= Beginning of Section =

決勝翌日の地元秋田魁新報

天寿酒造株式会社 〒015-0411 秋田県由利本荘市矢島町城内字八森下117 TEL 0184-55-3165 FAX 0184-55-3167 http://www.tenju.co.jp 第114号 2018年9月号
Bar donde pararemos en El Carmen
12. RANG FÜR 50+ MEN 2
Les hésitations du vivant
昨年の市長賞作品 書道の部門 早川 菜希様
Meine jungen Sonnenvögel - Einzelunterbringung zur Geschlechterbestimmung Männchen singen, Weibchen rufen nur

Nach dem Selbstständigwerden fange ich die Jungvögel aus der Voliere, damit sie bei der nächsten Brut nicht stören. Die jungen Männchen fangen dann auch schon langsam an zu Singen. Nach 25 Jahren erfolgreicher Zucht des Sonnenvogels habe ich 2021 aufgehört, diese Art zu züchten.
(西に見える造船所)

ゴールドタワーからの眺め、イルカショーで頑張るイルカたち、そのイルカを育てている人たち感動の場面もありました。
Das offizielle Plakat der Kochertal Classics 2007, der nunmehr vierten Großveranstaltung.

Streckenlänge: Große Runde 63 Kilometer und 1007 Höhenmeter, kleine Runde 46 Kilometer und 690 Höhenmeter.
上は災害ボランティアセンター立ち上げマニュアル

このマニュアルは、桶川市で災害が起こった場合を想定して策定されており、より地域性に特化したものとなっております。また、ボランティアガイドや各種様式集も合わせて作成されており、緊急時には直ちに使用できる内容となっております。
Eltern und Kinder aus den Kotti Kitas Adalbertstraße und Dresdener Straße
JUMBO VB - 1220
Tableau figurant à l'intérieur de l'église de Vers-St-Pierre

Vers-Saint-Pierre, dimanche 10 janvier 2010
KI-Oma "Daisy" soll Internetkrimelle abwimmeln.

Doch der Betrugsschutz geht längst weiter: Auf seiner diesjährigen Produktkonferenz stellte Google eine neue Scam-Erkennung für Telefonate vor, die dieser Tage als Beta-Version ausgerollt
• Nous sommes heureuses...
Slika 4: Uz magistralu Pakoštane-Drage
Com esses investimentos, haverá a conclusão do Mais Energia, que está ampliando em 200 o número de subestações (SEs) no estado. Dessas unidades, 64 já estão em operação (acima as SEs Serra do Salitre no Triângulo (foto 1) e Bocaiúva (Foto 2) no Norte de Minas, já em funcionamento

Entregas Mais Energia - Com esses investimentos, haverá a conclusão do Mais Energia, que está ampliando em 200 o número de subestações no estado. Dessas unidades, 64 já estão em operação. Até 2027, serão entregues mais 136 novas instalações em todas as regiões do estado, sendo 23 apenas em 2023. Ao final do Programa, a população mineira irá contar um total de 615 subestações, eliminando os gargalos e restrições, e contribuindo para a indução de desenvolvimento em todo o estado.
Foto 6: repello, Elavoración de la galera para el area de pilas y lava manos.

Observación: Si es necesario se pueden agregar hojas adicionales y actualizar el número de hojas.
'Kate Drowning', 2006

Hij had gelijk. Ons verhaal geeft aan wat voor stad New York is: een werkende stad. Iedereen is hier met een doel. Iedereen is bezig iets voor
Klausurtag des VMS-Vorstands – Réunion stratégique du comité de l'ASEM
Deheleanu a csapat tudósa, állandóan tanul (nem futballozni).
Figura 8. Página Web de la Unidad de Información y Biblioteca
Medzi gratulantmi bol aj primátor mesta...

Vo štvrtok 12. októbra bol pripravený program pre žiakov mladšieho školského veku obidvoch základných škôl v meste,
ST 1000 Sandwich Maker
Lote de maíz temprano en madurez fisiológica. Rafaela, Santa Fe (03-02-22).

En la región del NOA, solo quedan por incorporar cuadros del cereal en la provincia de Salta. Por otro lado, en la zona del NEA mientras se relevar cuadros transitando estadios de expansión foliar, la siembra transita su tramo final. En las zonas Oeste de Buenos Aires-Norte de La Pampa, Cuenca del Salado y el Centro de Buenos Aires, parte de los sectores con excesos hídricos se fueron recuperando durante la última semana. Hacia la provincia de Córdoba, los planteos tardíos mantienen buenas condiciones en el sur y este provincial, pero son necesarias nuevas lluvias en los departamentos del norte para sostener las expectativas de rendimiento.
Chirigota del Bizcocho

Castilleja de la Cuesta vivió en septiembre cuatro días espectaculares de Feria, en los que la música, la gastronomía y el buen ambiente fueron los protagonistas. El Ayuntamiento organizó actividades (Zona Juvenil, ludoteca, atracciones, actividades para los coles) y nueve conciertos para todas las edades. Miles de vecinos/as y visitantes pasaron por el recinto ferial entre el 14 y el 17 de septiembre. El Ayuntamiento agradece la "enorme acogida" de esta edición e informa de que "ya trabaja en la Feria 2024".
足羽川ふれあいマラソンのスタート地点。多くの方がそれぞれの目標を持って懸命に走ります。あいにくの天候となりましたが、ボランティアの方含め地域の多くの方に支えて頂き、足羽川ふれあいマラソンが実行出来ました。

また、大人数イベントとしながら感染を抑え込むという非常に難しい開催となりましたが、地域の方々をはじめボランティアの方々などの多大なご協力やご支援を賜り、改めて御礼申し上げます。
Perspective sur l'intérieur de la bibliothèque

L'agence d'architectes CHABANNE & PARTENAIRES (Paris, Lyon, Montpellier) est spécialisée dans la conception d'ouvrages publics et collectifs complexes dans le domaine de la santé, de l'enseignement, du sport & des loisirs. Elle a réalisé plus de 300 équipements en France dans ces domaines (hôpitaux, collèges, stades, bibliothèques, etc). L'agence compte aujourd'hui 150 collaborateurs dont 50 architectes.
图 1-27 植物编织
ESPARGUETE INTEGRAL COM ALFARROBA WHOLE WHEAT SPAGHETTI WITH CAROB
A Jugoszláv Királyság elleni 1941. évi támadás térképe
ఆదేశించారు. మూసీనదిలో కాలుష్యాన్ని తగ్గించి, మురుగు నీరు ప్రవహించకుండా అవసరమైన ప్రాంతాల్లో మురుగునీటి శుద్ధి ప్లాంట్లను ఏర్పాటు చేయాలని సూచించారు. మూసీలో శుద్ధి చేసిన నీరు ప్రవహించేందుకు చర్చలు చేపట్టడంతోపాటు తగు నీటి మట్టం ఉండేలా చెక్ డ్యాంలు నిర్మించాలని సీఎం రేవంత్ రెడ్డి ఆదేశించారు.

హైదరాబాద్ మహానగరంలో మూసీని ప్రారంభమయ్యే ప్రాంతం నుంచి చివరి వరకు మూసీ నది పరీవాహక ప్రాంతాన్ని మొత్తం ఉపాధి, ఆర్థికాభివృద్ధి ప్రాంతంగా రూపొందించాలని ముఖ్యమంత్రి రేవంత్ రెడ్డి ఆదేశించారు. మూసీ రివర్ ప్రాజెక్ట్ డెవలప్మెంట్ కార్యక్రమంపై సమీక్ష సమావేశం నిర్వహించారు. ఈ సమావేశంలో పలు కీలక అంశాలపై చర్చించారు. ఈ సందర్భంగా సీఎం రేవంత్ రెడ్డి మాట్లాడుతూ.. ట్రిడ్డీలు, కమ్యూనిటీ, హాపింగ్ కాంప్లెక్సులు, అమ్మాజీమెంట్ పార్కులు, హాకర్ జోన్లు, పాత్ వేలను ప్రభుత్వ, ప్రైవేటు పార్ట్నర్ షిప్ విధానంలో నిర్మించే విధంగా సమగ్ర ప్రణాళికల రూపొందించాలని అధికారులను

= End of Section =

WORK REQUIRED
Please give an exact copy of the entries above, from the line with "Vers-Saint-Pierre, dimanche 10 janvier 2010" down to the line with "Nous sommes heureuses...", inclusive, and nothing else.

EXPECTED ANSWER
Vers-Saint-Pierre, dimanche 10 janvier 2010
KI-Oma "Daisy" soll Internetkrimelle abwimmeln.

Doch der Betrugsschutz geht längst weiter: Auf seiner diesjährigen Produktkonferenz stellte Google eine neue Scam-Erkennung für Telefonate vor, die dieser Tage als Beta-Version ausgerollt
• Nous sommes heureuses...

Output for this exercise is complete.